README.md
June 23, 2026 · View on GitHub
BrainFM
A Modality-agnostic Multi-task Foundation Model for Human Brain Imaging
[arXiv]
Contact: Peirong Liu (peirong@jhu.edu)
Department of Electrical and Computer Engineering,
Data Science and AI Institute,
Johns Hopkins University
BrainFM is a unified foundation model for multi-task brain MRI analysis, including anatomy synthesis, segmentation, registration, bias-field estimation, cortical distance maps, and more. This repository provides inference demos, a synthetic data generator, and training code.
Installation
Tested with Python 3.11.4, PyTorch 2.0.1, and CUDA 12.2.

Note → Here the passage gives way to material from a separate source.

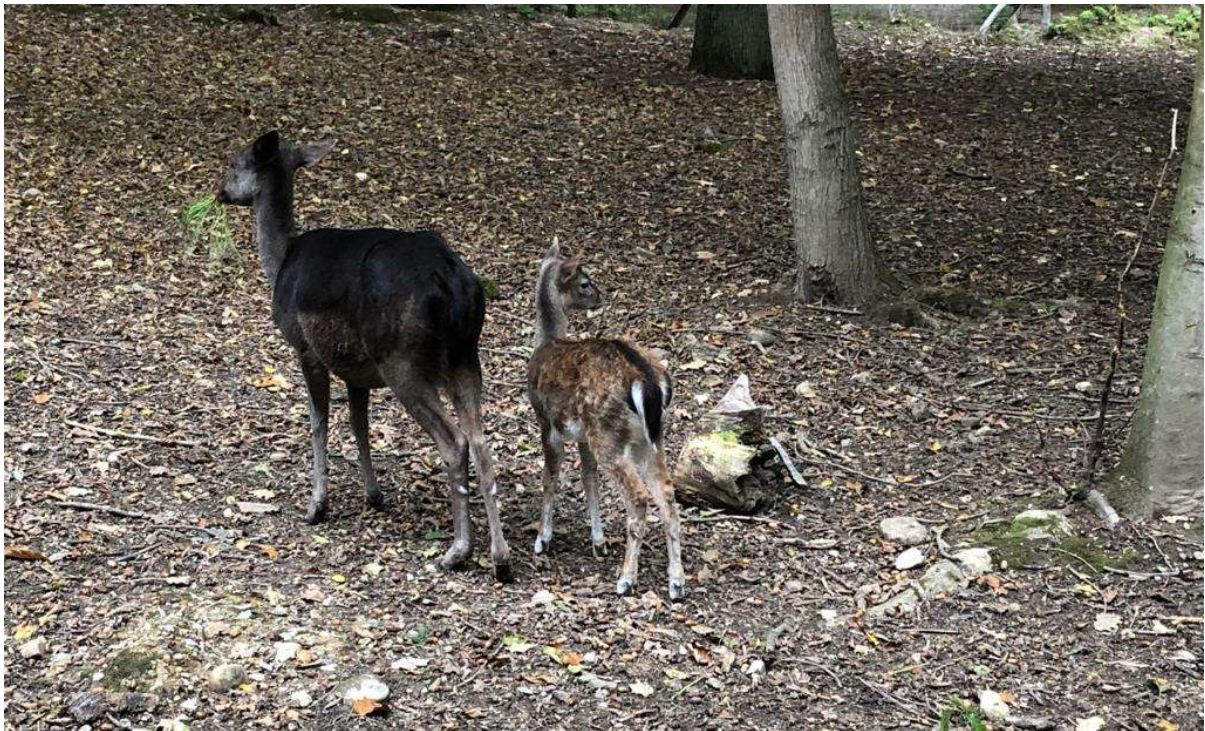
Abbildung 7 | Damhirschkalb im Wildgehege Kapellenberg

Im Wildgehege wurden Baumpflegemaßnahmen und Instandsetzungsarbeiten durchgeführt. Erfreulicherweise wurden 2020 zwei Frischlinge und ein Damhirschkalb geboren.

conda create -n brainfm python=3.11
conda activate brainfm
git clone https://github.com/jhuldr/BrainFM
cd BrainFM
pip install -r requirements.txt
Optional: install the package in editable mode.
pip install -e .
Pretrained weights
Download pretrained weights from OneDrive and place them under ckp/. The inference demos expect:
ckp/brainfm_pretrained.pth
Quick start: inference
Run all commands from the repository root.
- Place test volumes in
test_data_folder/(or update the path in the script). - Run the demo:
python scripts/demo_test.py
Results are written to outs/test_results/. The script supports whole-volume and tiled inference on large volumes.
Feature extraction only
python scripts/demo_get_feature.py
Update img_path in the script to point at your input volume. This returns a 64-channel feature map from the pretrained encoder.
Synthetic data generator
Visualize or debug the training data pipeline:
python scripts/demo_generator.py
Generator configs live in cfgs/generator/. default.yaml defines shared settings; task-specific configs in train/ and test/ override those defaults.
Key generator settings:
| Setting | Description |
|---|---|
dataset_names | Datasets to sample from (paths in Generator/constants.py) |
dataset_option | default (BaseGen) or brain_id (BrainIDGen) |
mix_synth_prob | Probability of blending synthetic with real images |
task | Toggle individual training tasks on/off |
augmentation_steps | Augmentation pipeline per input type |
Dataset paths, augmentation functions, and per-modality processing steps are defined in Generator/constants.py. See BrainIDGen in Generator/datasets.py for a customized generator example.
Training
Training is launched from the repo root with a generator config and a trainer config:
python scripts/train.py \
cfgs/generator/train/brain_id.yaml \
cfgs/trainer/train/joint.yaml
SLURM helpers are provided in scripts/train.sh and scripts/test.sh. Update cluster-specific settings there before submitting jobs.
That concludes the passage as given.